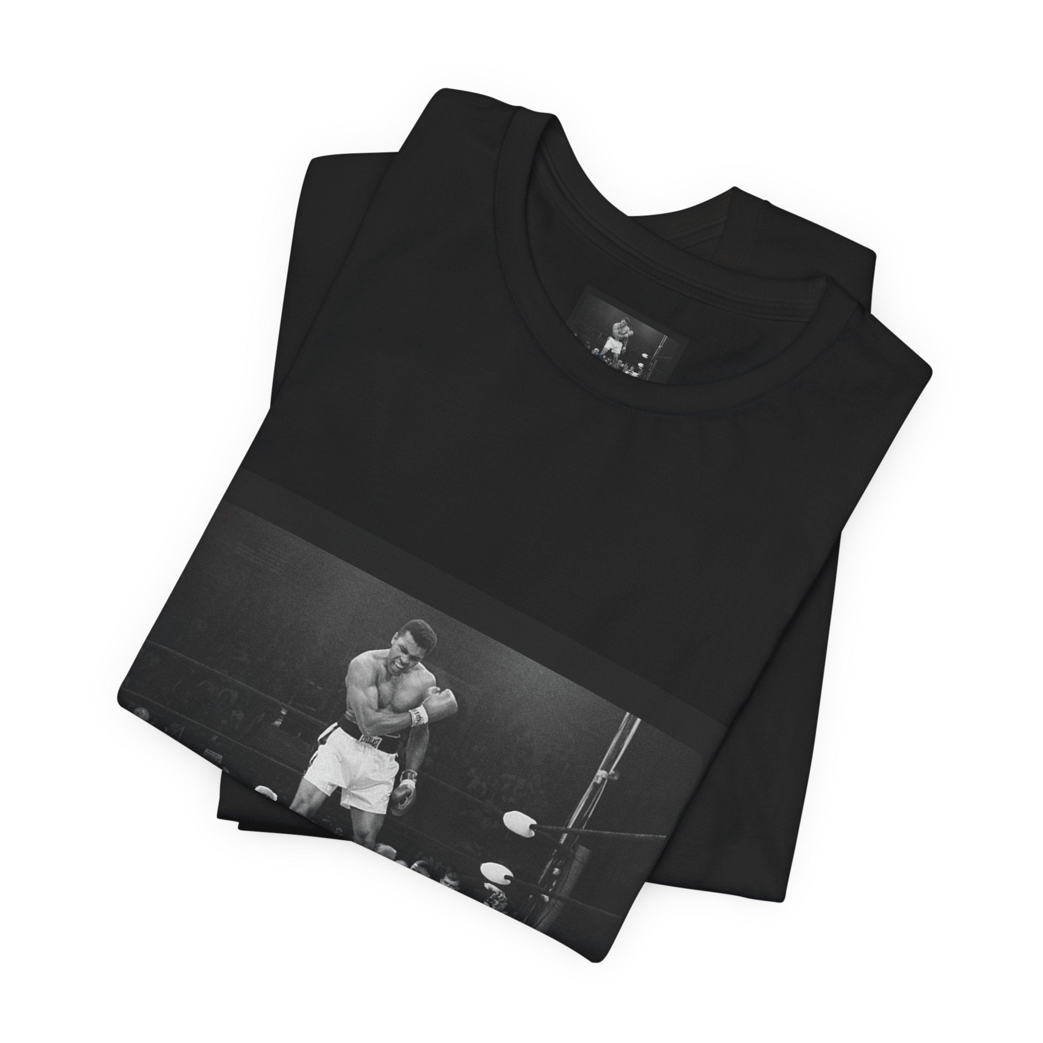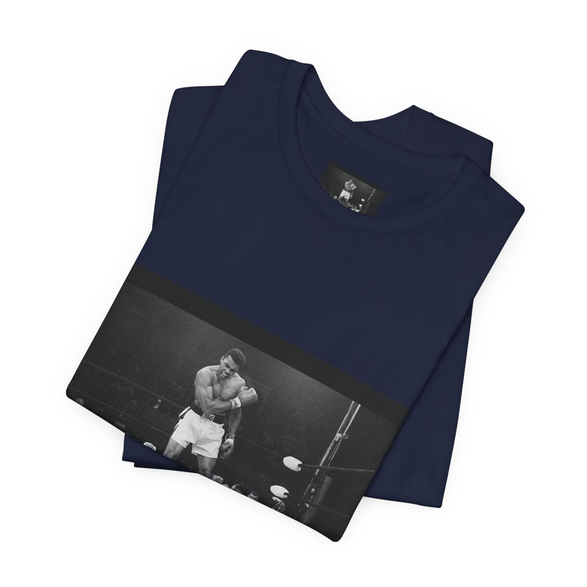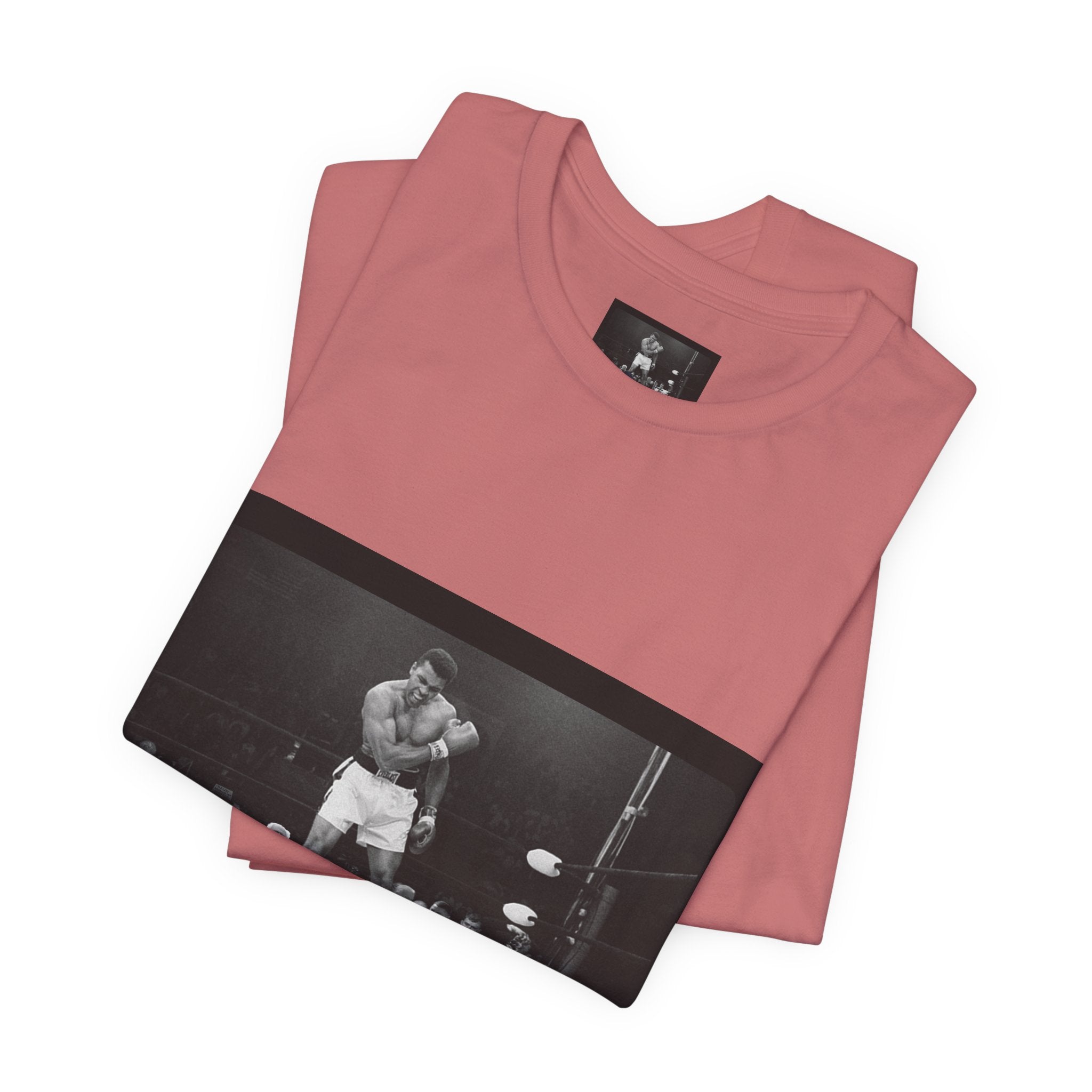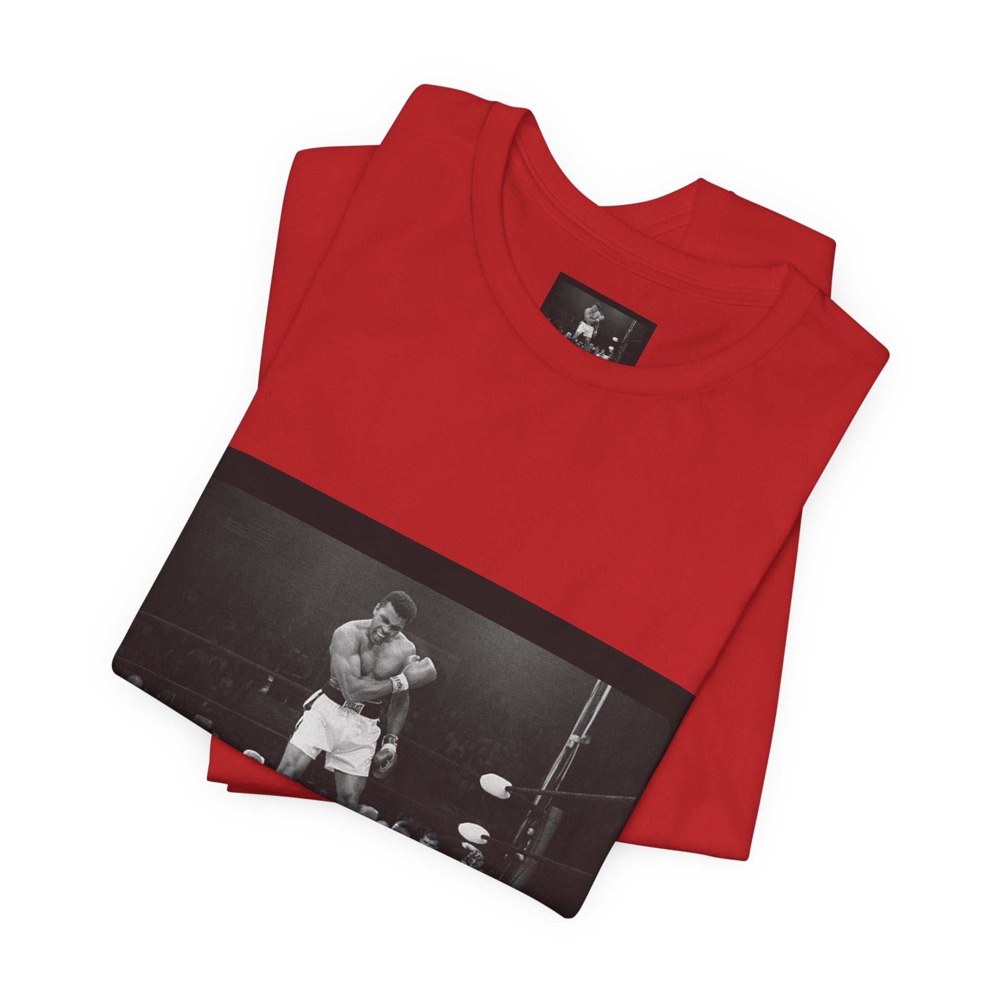 This lightweight jersey tee carries a raw, iconic moment across the chest — a black-and-white boxing scene frozen in time. Built from soft Airlume combed and ring-spun cotton, the shirt feels breathable and moves easily from morning training runs to late-night hangs. The retail cut and crew neckline keep the silhouette clean and wearable, while subtle details like side seams, shoulder tape, and a ribbed knit collar ensure the tee keeps its shape through frequent wear. The printed label and sleeve artwork use crisp DTF (with DTG on some providers) for sharp, lasting imagery. It’s made and sourced with ethical standards in mind, REACH certified and produced under fair labor practices.
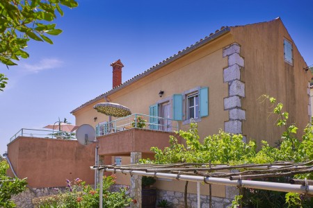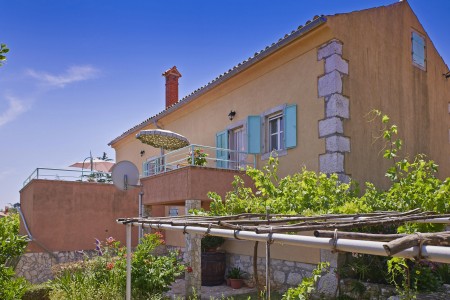 S terasa ovih apartmana proteže se prekrasan pogled na Kvarner. Kuća se nalazi na velikom zemljištu i graniči s maslinikom. Pobjegnite od gradske vreve i uživajte u miru i prirodi koja poziva na duge šetnje. Ili zaronite u plavo more koje je udaljeno samo 10 minuta pješke. U obližnjoj uvali se nalazi šljunčana plaža s uređenim travnjakom za sunčanje i dječjim igralištem. Vaši domaćini žive u susjedstvu i tu su za Vas ako imate pitanja.
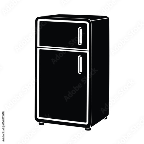 Refrigerator Two Doors And Handles Outline Vector Illustration
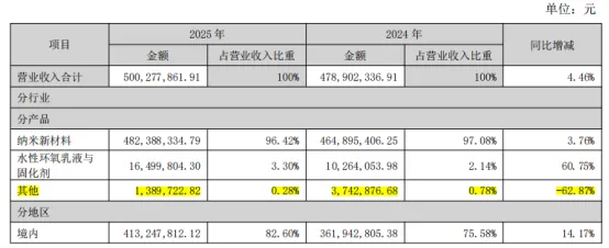 公司主营业务涵盖纳米二氧化硅、氧化铝、水性环氧乳液和固化剂的研发、生产与销售。
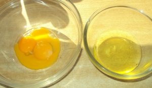 - Eigelb von Proteinen trennen. Schlage die Weißen. Eigelb mit Zucker mahlen.
+ + + + +
## Task requirements
Please give again only the lines from the one containing "S terasa ovih" through the last line of the entries above, exactly as they stand and without pictures.

## Reply to the exercise
 S terasa ovih apartmana proteže se prekrasan pogled na Kvarner. Kuća se nalazi na velikom zemljištu i graniči s maslinikom. Pobjegnite od gradske vreve i uživajte u miru i prirodi koja poziva na duge šetnje. Ili zaronite u plavo more koje je udaljeno samo 10 minuta pješke. U obližnjoj uvali se nalazi šljunčana plaža s uređenim travnjakom za sunčanje i dječjim igralištem. Vaši domaćini žive u susjedstvu i tu su za Vas ako imate pitanja.
 Refrigerator Two Doors And Handles Outline Vector Illustration
 公司主营业务涵盖纳米二氧化硅、氧化铝、水性环氧乳液和固化剂的研发、生产与销售。
 - Eigelb von Proteinen trennen. Schlage die Weißen. Eigelb mit Zucker mahlen.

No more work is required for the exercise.